This topic shows you how to use PyODPS to read data from and write data to MaxCompute tables.

PyODPS

You can use PyODPS to read data from and write data to MaxCompute or Machine Learning Studio. PyODPS is an SDK for Python provided by Alibaba Cloud. For more information, see PyODPS documentation.

  1. Install PyODPS.
    In the Terminal interface of Data Science Workshop (DSW), run the following command:
    pip install pyodps
  2. Run the following command to check whether PyODPS is installed:
    python -c "from odps import ODPS"
  3. Execute SQL statements to read data from MaxCompute tables.
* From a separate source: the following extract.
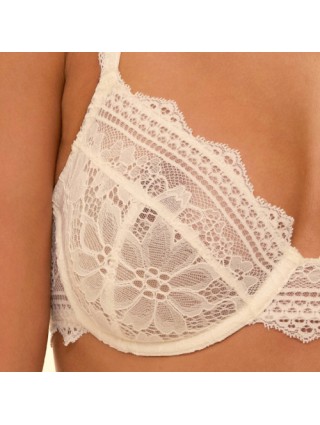 Soutien-gorge semi corbeille en broderie anglaise ivoire modèle Freesia de la marque Simone Pérèle.

The following sample code provides an example:
    import numpy as np
    import pandas as pd
    
    from odps import ODPS
    from odps.df import DataFrame
    # Establish a connection. 
    o = ODPS(
        '<your_AccessKey_ID>', 
        '<your_AccessKey_Secret>', 
        '<your_MaxCompute_project>',
        endpoint='<your_Project_Endpoint>')
        
    # Read data from the source MaxCompute table. 
    sql = '''
    SELECT  
        *
    FROM
        project.table
    LIMIT 100
    ;
    '''
    query_job = o.execute_sql(sql)
    result = query_job.open_reader(tunnel=True) 
    df = result.to_pandas(n_process=1) # You can set the n_process parameter based on the server configuration. If the n_process parameter is set to a value greater than 1, multiple threads are used to accelerate data reading. 
    Set the parameters that are described in the following table based on your requirements.
    Parameter Description
    <your_AccessKey_ID> The AccessKey ID of your Alibaba Cloud account.
    <your_AccessKey_Secret> The AccessKey secret of your Alibaba Cloud account.
    <your_MaxCompute_project> The name of the MaxCompute project.
    <your_Project_Endpoint> The endpoint of the MaxCompute project. For more information, see Configure endpoints. For example, if your MaxCompute project is deployed in the China (Hangzhou) region, the endpoint is http://service.cn-hangzhou.maxcompute.aliyun.com/api.